[Source data]
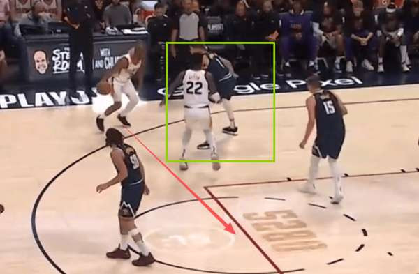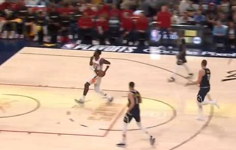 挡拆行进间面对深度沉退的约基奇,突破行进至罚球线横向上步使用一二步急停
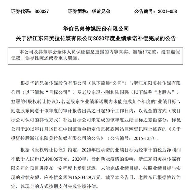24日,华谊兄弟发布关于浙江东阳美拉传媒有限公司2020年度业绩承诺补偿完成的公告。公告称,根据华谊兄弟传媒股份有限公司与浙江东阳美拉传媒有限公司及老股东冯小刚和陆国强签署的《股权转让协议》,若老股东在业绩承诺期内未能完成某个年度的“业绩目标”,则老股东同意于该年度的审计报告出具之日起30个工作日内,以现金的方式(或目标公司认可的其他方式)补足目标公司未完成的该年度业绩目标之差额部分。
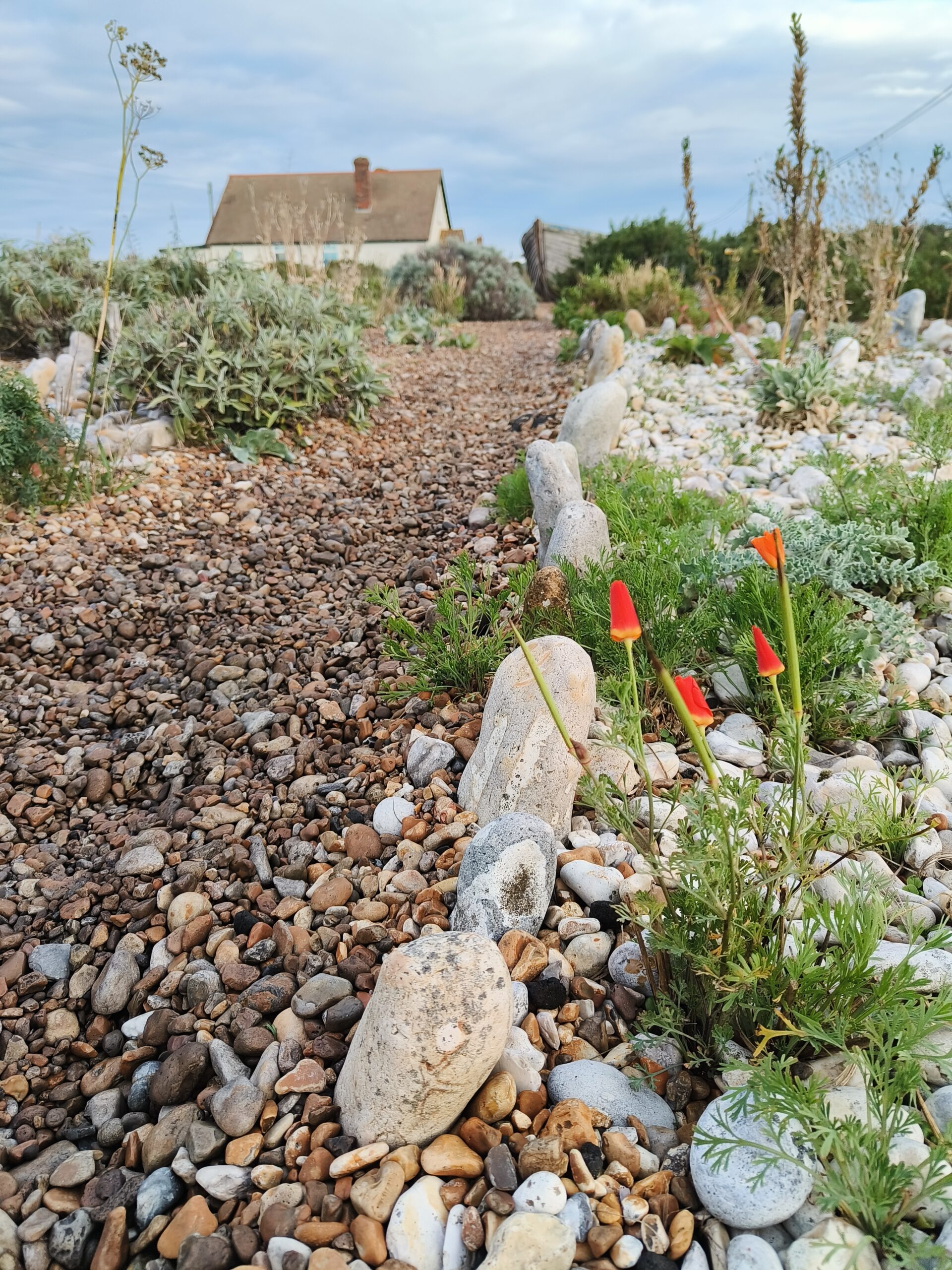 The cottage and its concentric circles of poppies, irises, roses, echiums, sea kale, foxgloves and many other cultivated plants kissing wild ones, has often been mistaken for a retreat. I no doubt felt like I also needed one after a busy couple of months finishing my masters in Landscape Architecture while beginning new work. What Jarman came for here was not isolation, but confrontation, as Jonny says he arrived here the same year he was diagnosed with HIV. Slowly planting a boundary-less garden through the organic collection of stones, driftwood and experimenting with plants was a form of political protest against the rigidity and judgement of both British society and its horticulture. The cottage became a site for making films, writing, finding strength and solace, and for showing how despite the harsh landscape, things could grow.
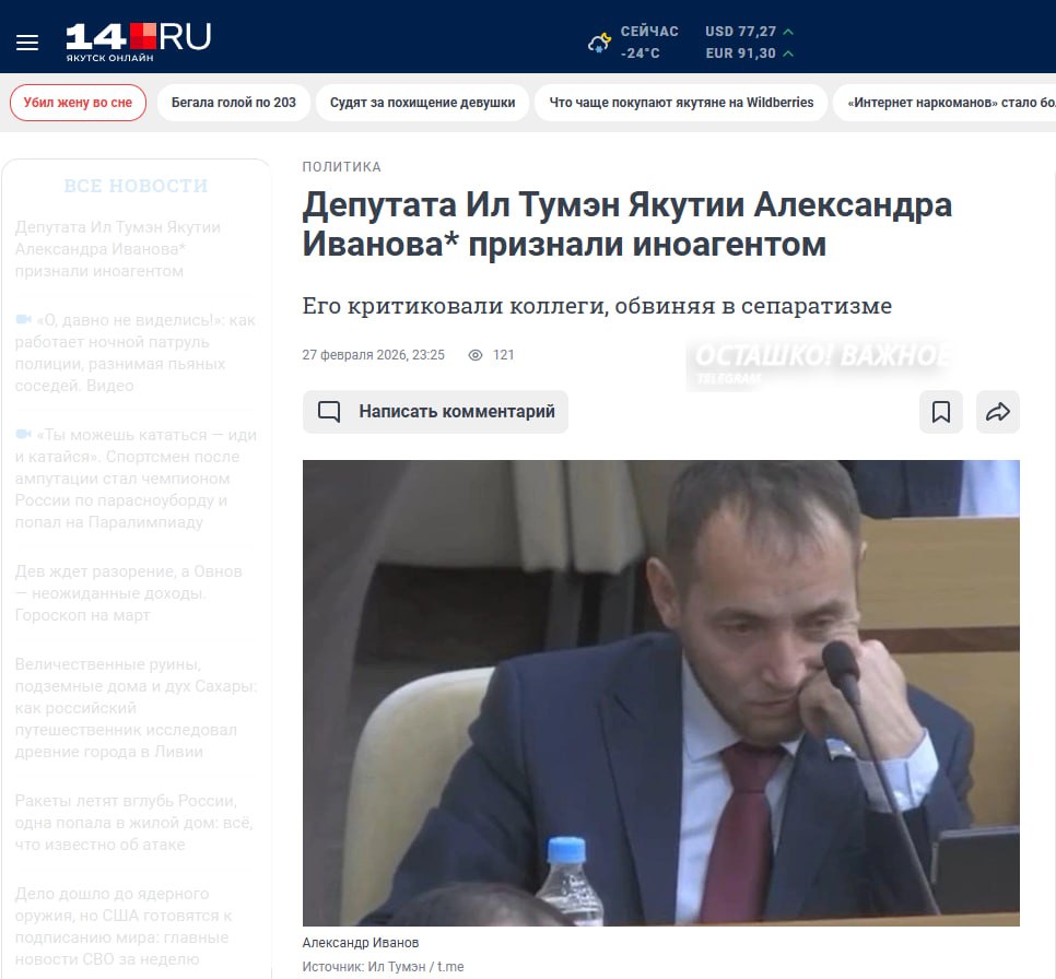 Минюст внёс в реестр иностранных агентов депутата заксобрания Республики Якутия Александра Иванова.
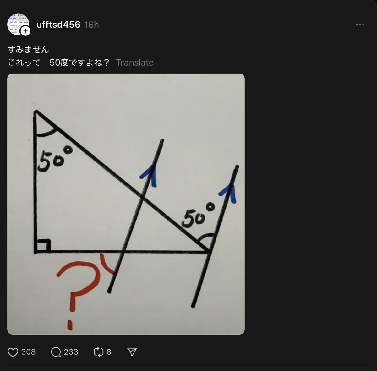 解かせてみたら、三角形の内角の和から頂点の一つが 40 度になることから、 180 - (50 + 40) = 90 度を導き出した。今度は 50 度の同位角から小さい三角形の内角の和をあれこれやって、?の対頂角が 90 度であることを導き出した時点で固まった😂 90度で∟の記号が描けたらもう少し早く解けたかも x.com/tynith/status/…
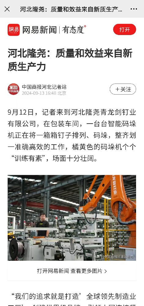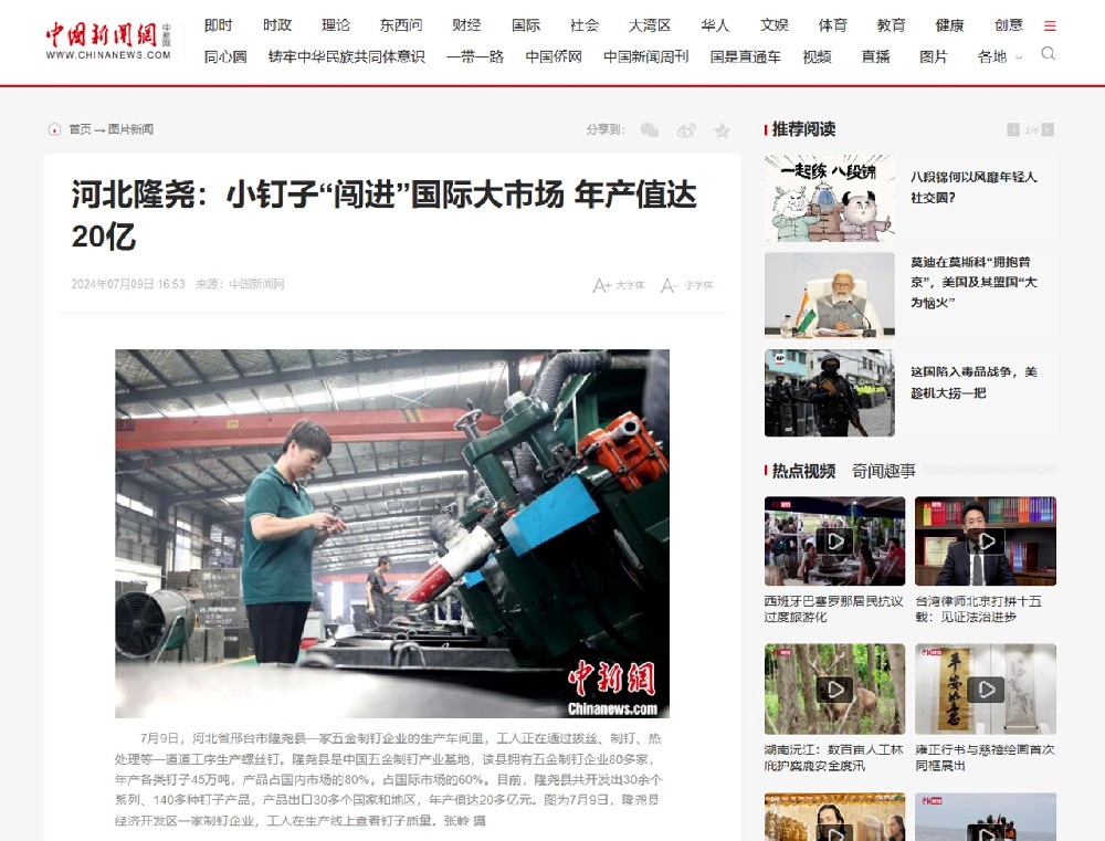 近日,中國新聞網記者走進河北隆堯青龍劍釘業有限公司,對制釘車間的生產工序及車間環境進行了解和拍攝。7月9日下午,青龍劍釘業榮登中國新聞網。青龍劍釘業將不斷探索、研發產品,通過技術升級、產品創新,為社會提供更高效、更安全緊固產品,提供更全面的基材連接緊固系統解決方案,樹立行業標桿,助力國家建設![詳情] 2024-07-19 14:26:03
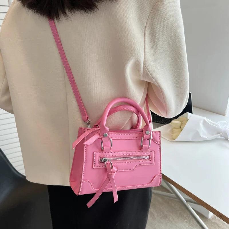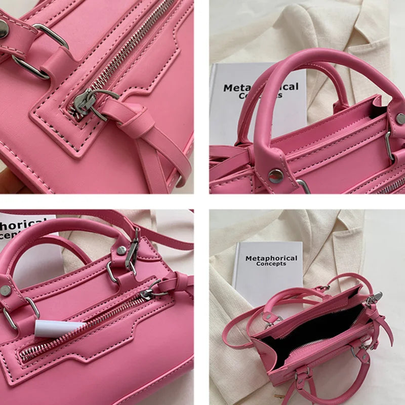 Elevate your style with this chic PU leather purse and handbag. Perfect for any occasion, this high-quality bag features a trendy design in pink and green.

- [Your goal] Output the data exactly. Leave every picture out.

- [Answer below]
 挡拆行进间面对深度沉退的约基奇,突破行进至罚球线横向上步使用一二步急停
24日,华谊兄弟发布关于浙江东阳美拉传媒有限公司2020年度业绩承诺补偿完成的公告。公告称,根据华谊兄弟传媒股份有限公司与浙江东阳美拉传媒有限公司及老股东冯小刚和陆国强签署的《股权转让协议》,若老股东在业绩承诺期内未能完成某个年度的“业绩目标”,则老股东同意于该年度的审计报告出具之日起30个工作日内,以现金的方式(或目标公司认可的其他方式)补足目标公司未完成的该年度业绩目标之差额部分。
 The cottage and its concentric circles of poppies, irises, roses, echiums, sea kale, foxgloves and many other cultivated plants kissing wild ones, has often been mistaken for a retreat. I no doubt felt like I also needed one after a busy couple of months finishing my masters in Landscape Architecture while beginning new work. What Jarman came for here was not isolation, but confrontation, as Jonny says he arrived here the same year he was diagnosed with HIV. Slowly planting a boundary-less garden through the organic collection of stones, driftwood and experimenting with plants was a form of political protest against the rigidity and judgement of both British society and its horticulture. The cottage became a site for making films, writing, finding strength and solace, and for showing how despite the harsh landscape, things could grow.
 Минюст внёс в реестр иностранных агентов депутата заксобрания Республики Якутия Александра Иванова.
 解かせてみたら、三角形の内角の和から頂点の一つが 40 度になることから、 180 - (50 + 40) = 90 度を導き出した。今度は 50 度の同位角から小さい三角形の内角の和をあれこれやって、?の対頂角が 90 度であることを導き出した時点で固まった😂 90度で∟の記号が描けたらもう少し早く解けたかも x.com/tynith/status/…
 近日,中國新聞網記者走進河北隆堯青龍劍釘業有限公司,對制釘車間的生產工序及車間環境進行了解和拍攝。7月9日下午,青龍劍釘業榮登中國新聞網。青龍劍釘業將不斷探索、研發產品,通過技術升級、產品創新,為社會提供更高效、更安全緊固產品,提供更全面的基材連接緊固系統解決方案,樹立行業標桿,助力國家建設![詳情] 2024-07-19 14:26:03
 Elevate your style with this chic PU leather purse and handbag. Perfect for any occasion, this high-quality bag features a trendy design in pink and green.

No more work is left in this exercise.